▸ Task:
Omit the pictures, but give back every entry below exactly as written.

[Records excerpted from a collection]
-=-=-

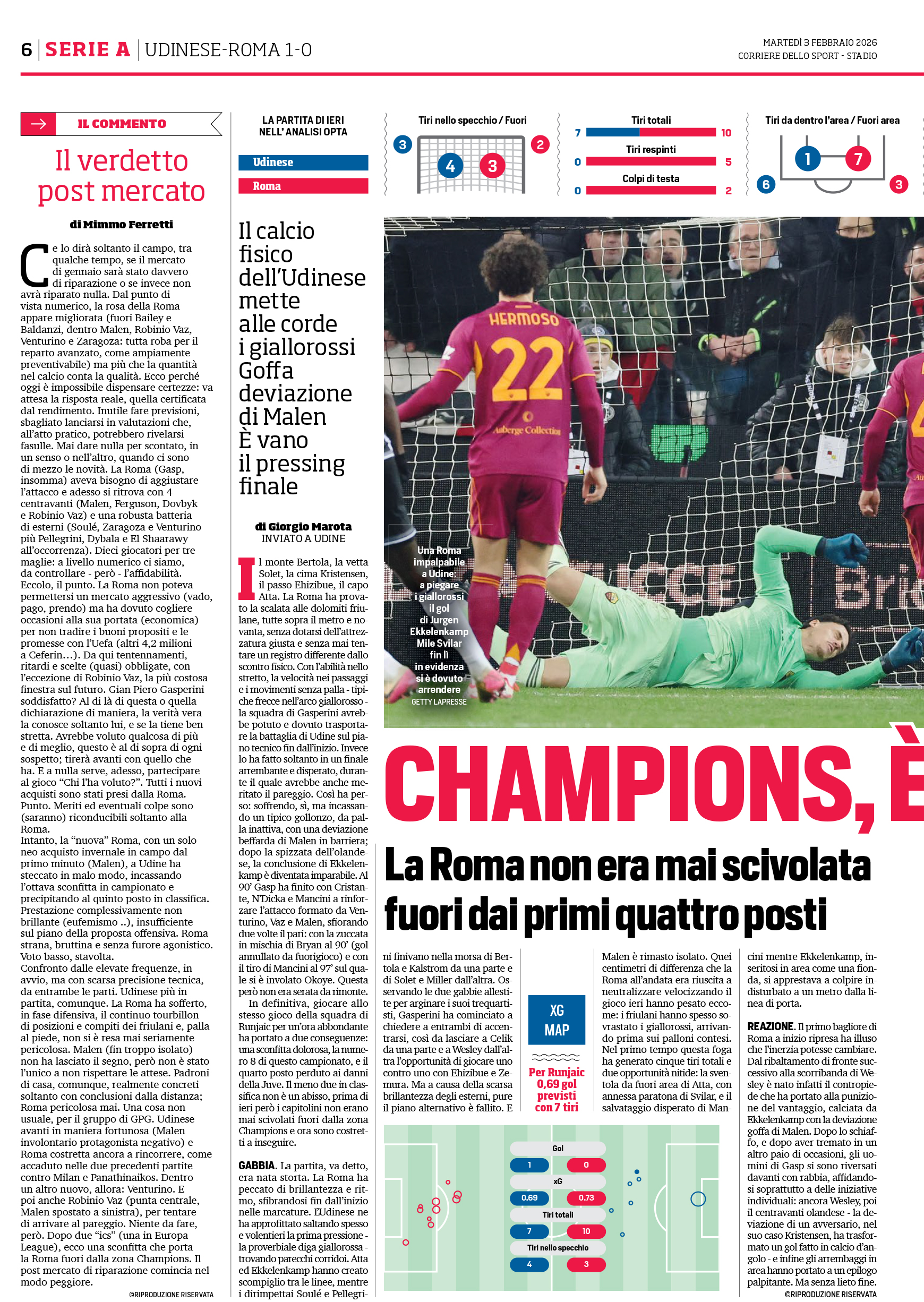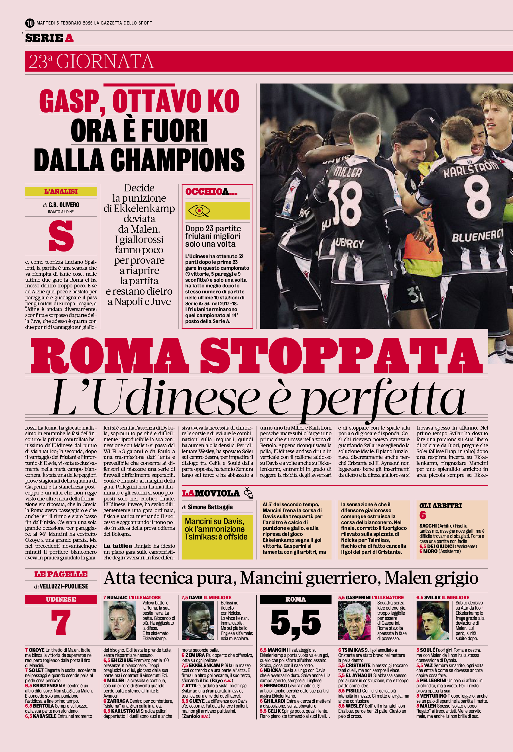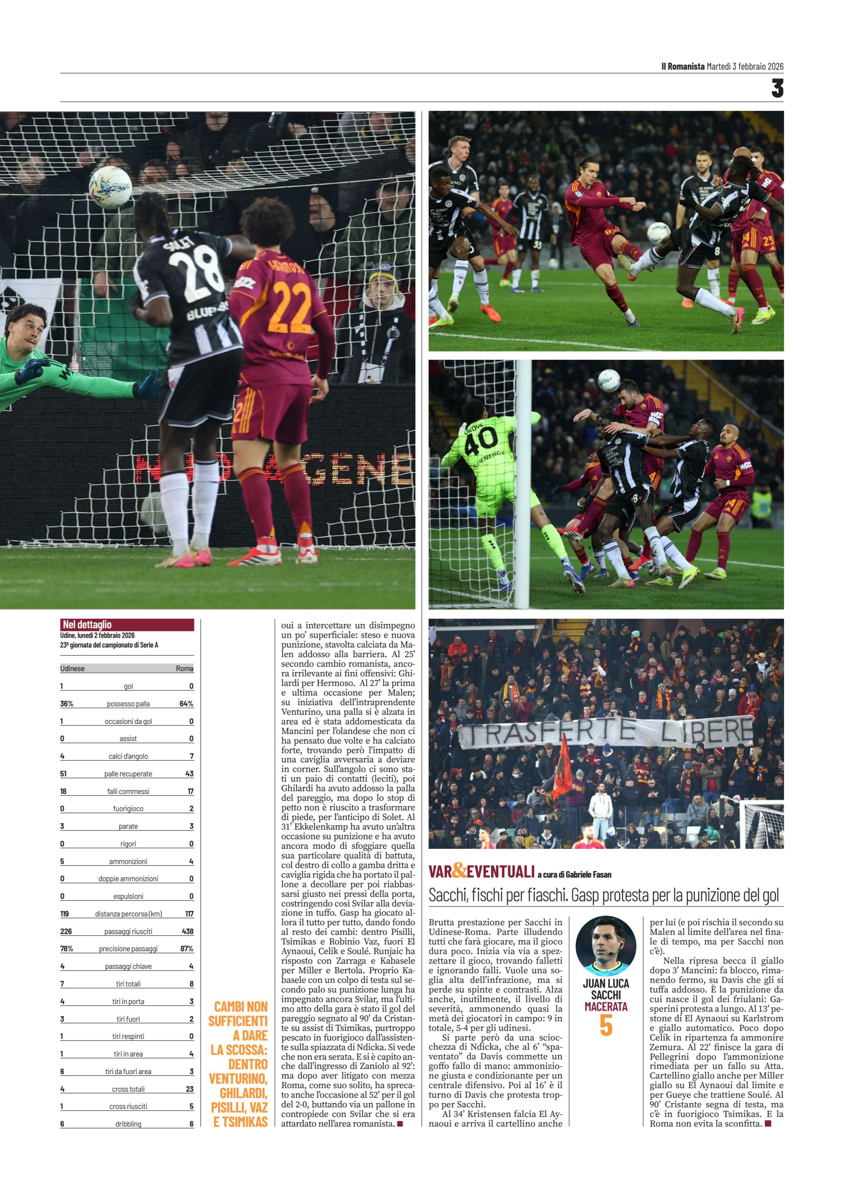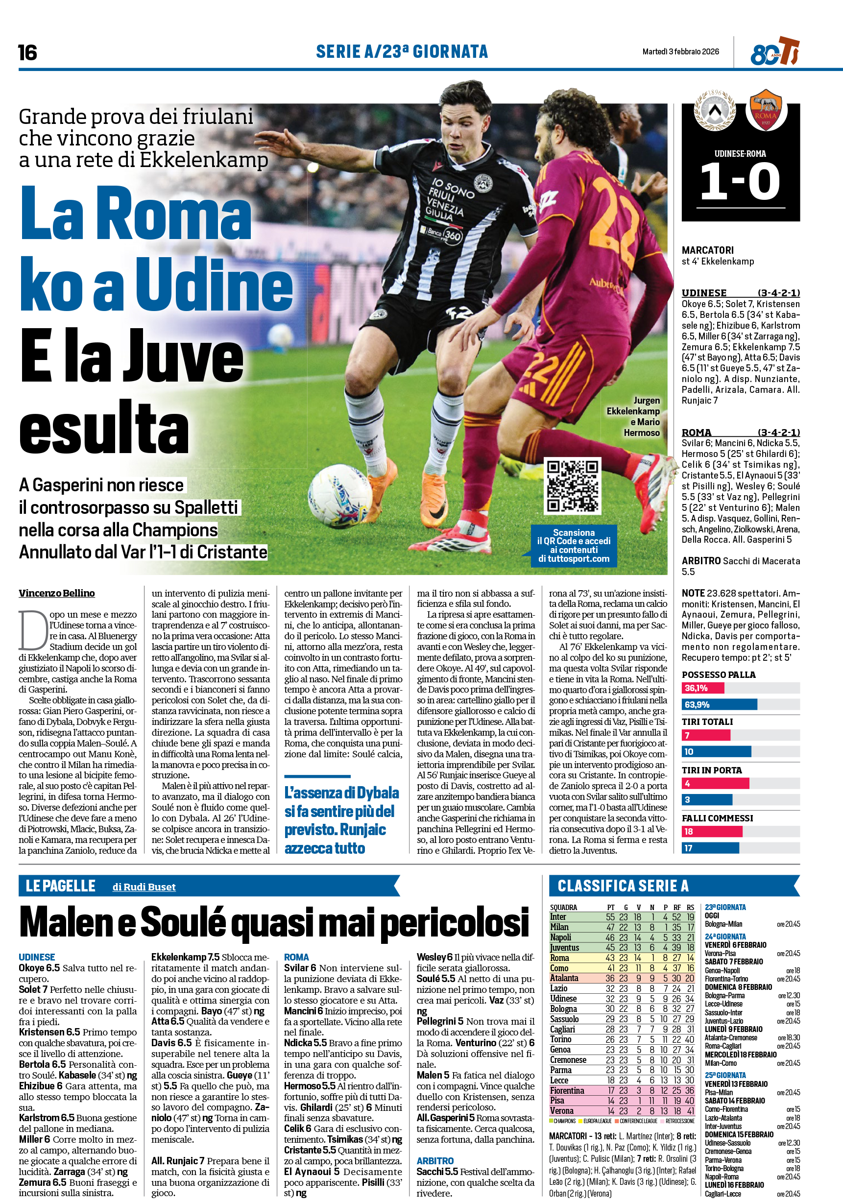 UDINESE/ROMA 1-0 Udine, Dacia Arena Lunedì, 2 febbraio 2026 ore 20.45 ![]() invia una e-mail per i resoconti |
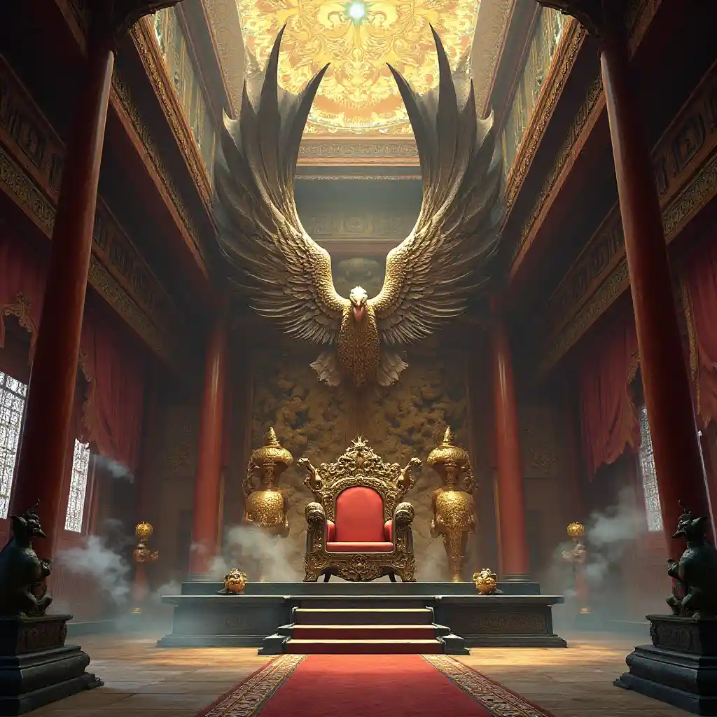 edit_rev_3_final.PSD: महान् कल्पना, प्राचीन ड्रैगन लॉर्ड का सिंहासन कक्ष, जटिल रूप से नक्काशीदार मोगनी, ऑब्सीडियन डेस पर कम झुका हुआ सिंहासन, पीछे की दीवार को पूरी छत में पत्थर में नक्काशीदार विशाल ईगल के पंखों से बदल दिया गया है, छत से लटके हुए रेशम के टेपेस्ट्री से सजे हैं, चमकदार लकड़ी के खंभों में गढ़े सोने के फीनिक्स प्रतीक, मंद रोशनी वाला कक्ष, जादुई कलाकृतियों से निकलने वाली शाश्वत चमक, प्राचीन रनस्टोन, जो कि फर्श को कवर करते हैं, विस्तृत लकड़ी की नक्शे के पार नृत्य करने वाले छाया, ड्रैगन के आकार के ब्राज़, जो कि महकती धुंध का उत्सण करते हैं, या छत से लटके हुए जडे आभूषण, भारी लाल घोंट सिंहासन के चारों ओर, समय की शक्ति का संकेत, रंगीन कांच की खिड़कियों से चमकती सोने की धूप धूल के कणों को प्रकाशित करती है, प्राचीन चीनी-प्रेरित वास्तुकला, शानदार सजावट, सिंहासन कक्ष में भूल गई किंवदंतियों की फुसफुसाहट होती है, मंत्रमुग्ध टेराकोटा योद्धाओं द्वारा पहरा दिया गया कक्ष, एक अदृश्य वाद्ययंत्र पर बजने वाले सूक्ष्म संगीत के द्वारा बढ़ाया गया रहस्यमय वातावरण, प्राचीन पुस्तकों और पुस्तकों का विशाल संग्रह, छत पर प्रक्षेपित प्राचीन आकाशीय नक्शा, महाकाव्य काल्पनिक शैली, पारंपरिक चीनी चित्रों की याद दिलाती जीवंत ब्रश स्ट्रोक
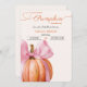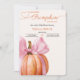 Invitación a la pequeña calabaza de Baby Shower - Chica rosado Autumn Tema Celebra tu calabaza en el camino con esta encantadora invitación a la ducha de bebé para un chica. Con una calabaza acuática atada con un delicado arco rosado, este diseño de otoño es perfecto para crear una acogedora y elegante ducha para bebés. Todo el texto es totalmente personalizable con sus propios detalles.
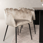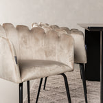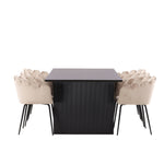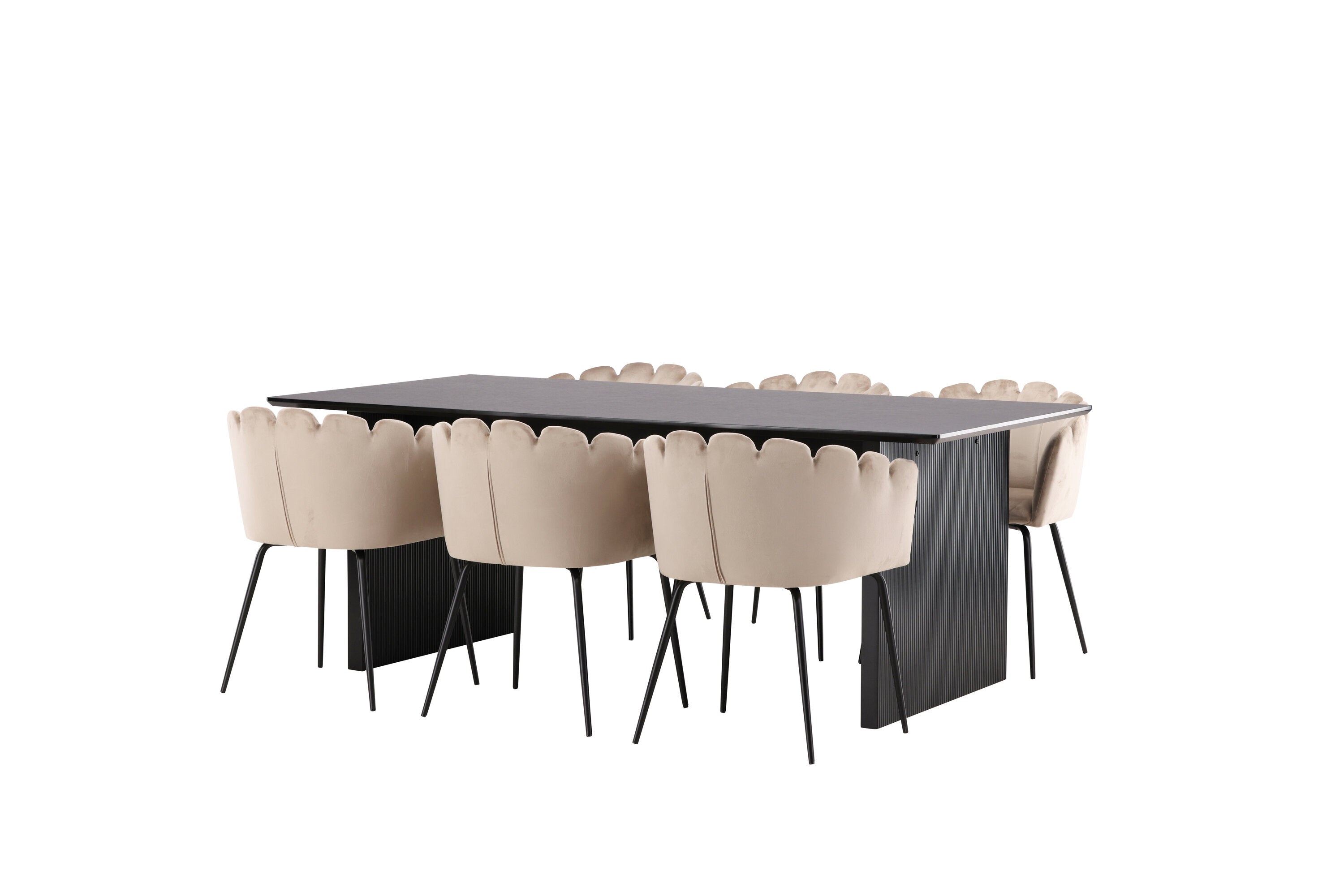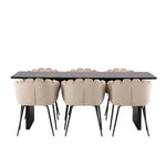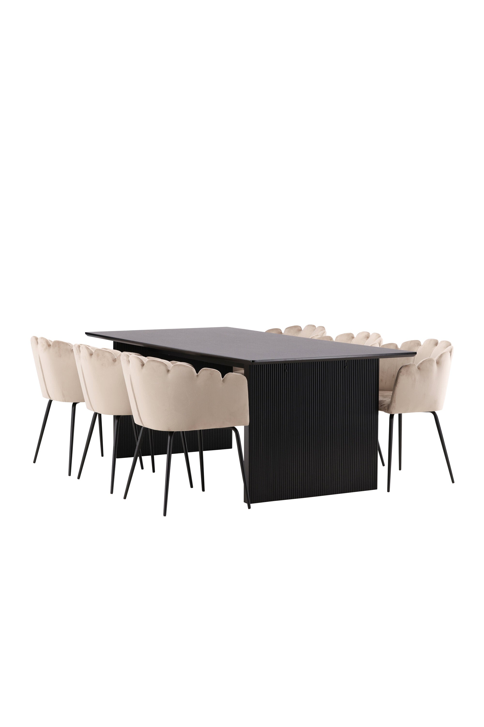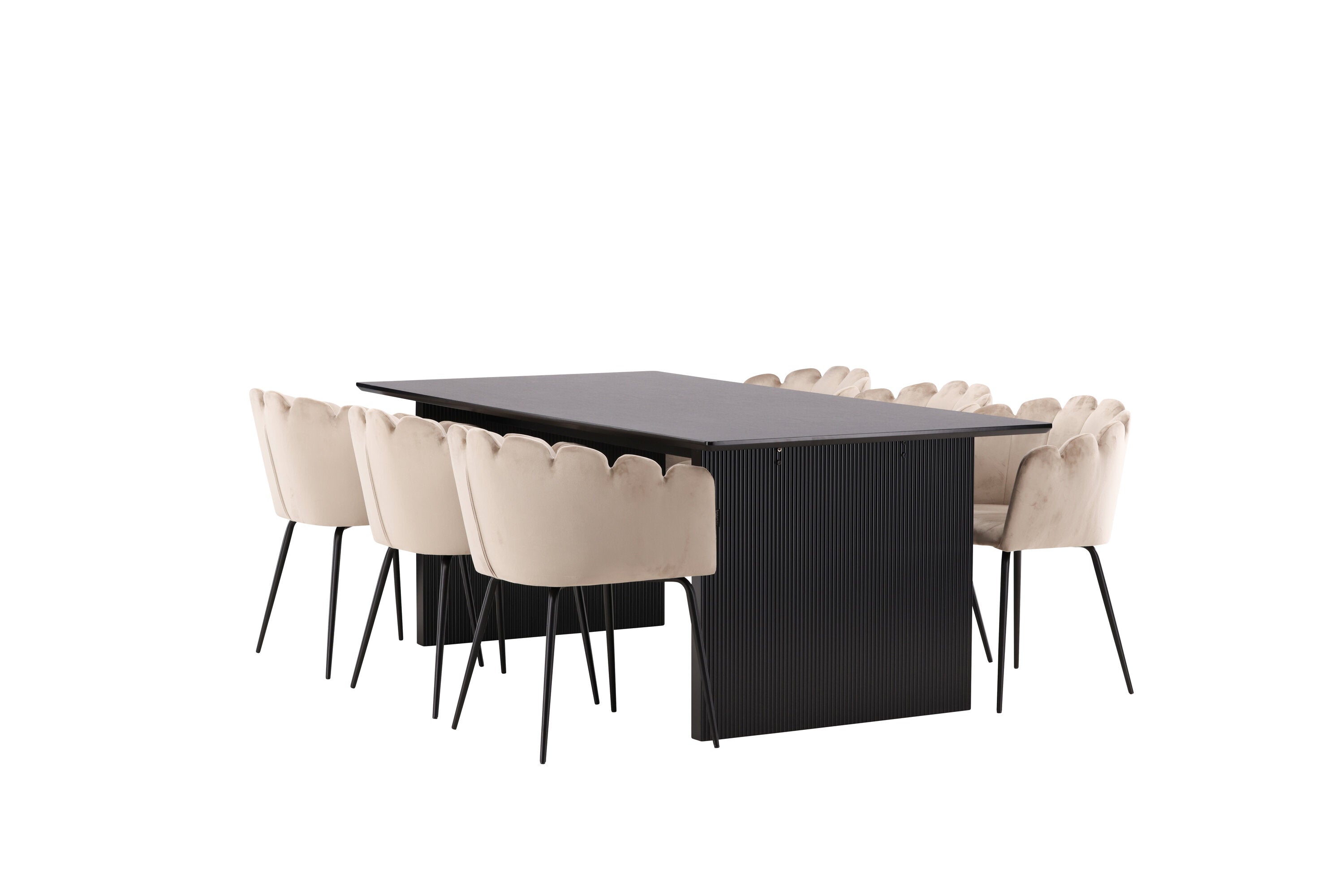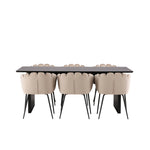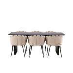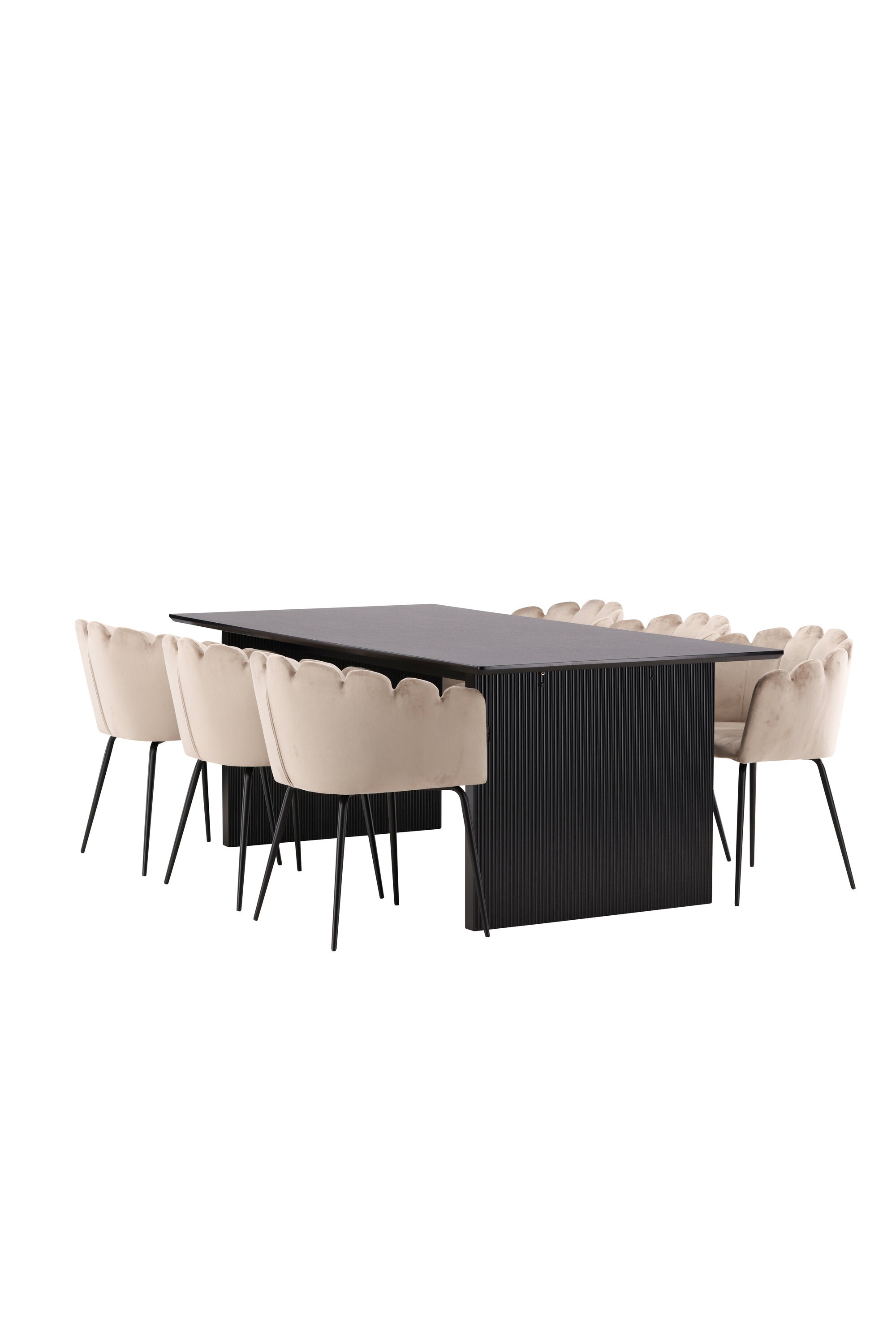 Zařiďte srdce svého domova půvabně a lákavě! Náš obdélníkový jídelní stůl ze série Vail má rovné severské tvary a je vyroben z odolné MDF v ušpiněné černé barvě. Deska stolu je tenká a balancuje na dvou pevných dřevěných deskách, které tvoří podvozek – stejně úhledné a odolné. Zde společně s jídelními židlemi ze série Limhamn v luxusní béžové barvě. Židle je moderním favoritem mnoha domácností se svým lákavým designem, ozdobným opěradlem ve tvaru mušle s ozdobným prošíváním a kulatým sedákem z vkusné béžové sametové látky. Nohy jsou z kovu s černou práškovou barvou. Pohodlně se usaďte a užívejte si!
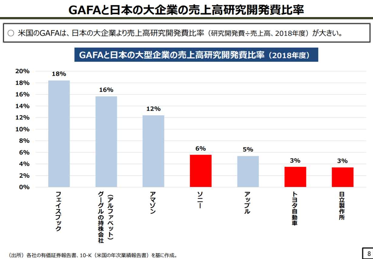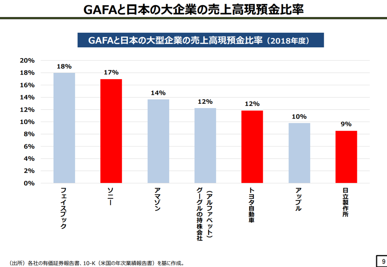 一方で、売上高に占める現預金の割合をみるとGAFAと日本の大企業とそれほど変わらないことがわかるのです。つまり、手元に現預金はあるものの、それを十分に研究開発などの未来投資に活用することが出来ていないことが見てとれるのです。

-=-=-

▸ Written answer:
 UDINESE/ROMA 1-0 Udine, Dacia Arena Lunedì, 2 febbraio 2026 ore 20.45 ![]() invia una e-mail per i resoconti |
 edit_rev_3_final.PSD: महान् कल्पना, प्राचीन ड्रैगन लॉर्ड का सिंहासन कक्ष, जटिल रूप से नक्काशीदार मोगनी, ऑब्सीडियन डेस पर कम झुका हुआ सिंहासन, पीछे की दीवार को पूरी छत में पत्थर में नक्काशीदार विशाल ईगल के पंखों से बदल दिया गया है, छत से लटके हुए रेशम के टेपेस्ट्री से सजे हैं, चमकदार लकड़ी के खंभों में गढ़े सोने के फीनिक्स प्रतीक, मंद रोशनी वाला कक्ष, जादुई कलाकृतियों से निकलने वाली शाश्वत चमक, प्राचीन रनस्टोन, जो कि फर्श को कवर करते हैं, विस्तृत लकड़ी की नक्शे के पार नृत्य करने वाले छाया, ड्रैगन के आकार के ब्राज़, जो कि महकती धुंध का उत्सण करते हैं, या छत से लटके हुए जडे आभूषण, भारी लाल घोंट सिंहासन के चारों ओर, समय की शक्ति का संकेत, रंगीन कांच की खिड़कियों से चमकती सोने की धूप धूल के कणों को प्रकाशित करती है, प्राचीन चीनी-प्रेरित वास्तुकला, शानदार सजावट, सिंहासन कक्ष में भूल गई किंवदंतियों की फुसफुसाहट होती है, मंत्रमुग्ध टेराकोटा योद्धाओं द्वारा पहरा दिया गया कक्ष, एक अदृश्य वाद्ययंत्र पर बजने वाले सूक्ष्म संगीत के द्वारा बढ़ाया गया रहस्यमय वातावरण, प्राचीन पुस्तकों और पुस्तकों का विशाल संग्रह, छत पर प्रक्षेपित प्राचीन आकाशीय नक्शा, महाकाव्य काल्पनिक शैली, पारंपरिक चीनी चित्रों की याद दिलाती जीवंत ब्रश स्ट्रोक
 Invitación a la pequeña calabaza de Baby Shower - Chica rosado Autumn Tema Celebra tu calabaza en el camino con esta encantadora invitación a la ducha de bebé para un chica. Con una calabaza acuática atada con un delicado arco rosado, este diseño de otoño es perfecto para crear una acogedora y elegante ducha para bebés. Todo el texto es totalmente personalizable con sus propios detalles.
 Zařiďte srdce svého domova půvabně a lákavě! Náš obdélníkový jídelní stůl ze série Vail má rovné severské tvary a je vyroben z odolné MDF v ušpiněné černé barvě. Deska stolu je tenká a balancuje na dvou pevných dřevěných deskách, které tvoří podvozek – stejně úhledné a odolné. Zde společně s jídelními židlemi ze série Limhamn v luxusní béžové barvě. Židle je moderním favoritem mnoha domácností se svým lákavým designem, ozdobným opěradlem ve tvaru mušle s ozdobným prošíváním a kulatým sedákem z vkusné béžové sametové látky. Nohy jsou z kovu s černou práškovou barvou. Pohodlně se usaďte a užívejte si!
 一方で、売上高に占める現預金の割合をみるとGAFAと日本の大企業とそれほど変わらないことがわかるのです。つまり、手元に現預金はあるものの、それを十分に研究開発などの未来投資に活用することが出来ていないことが見てとれるのです。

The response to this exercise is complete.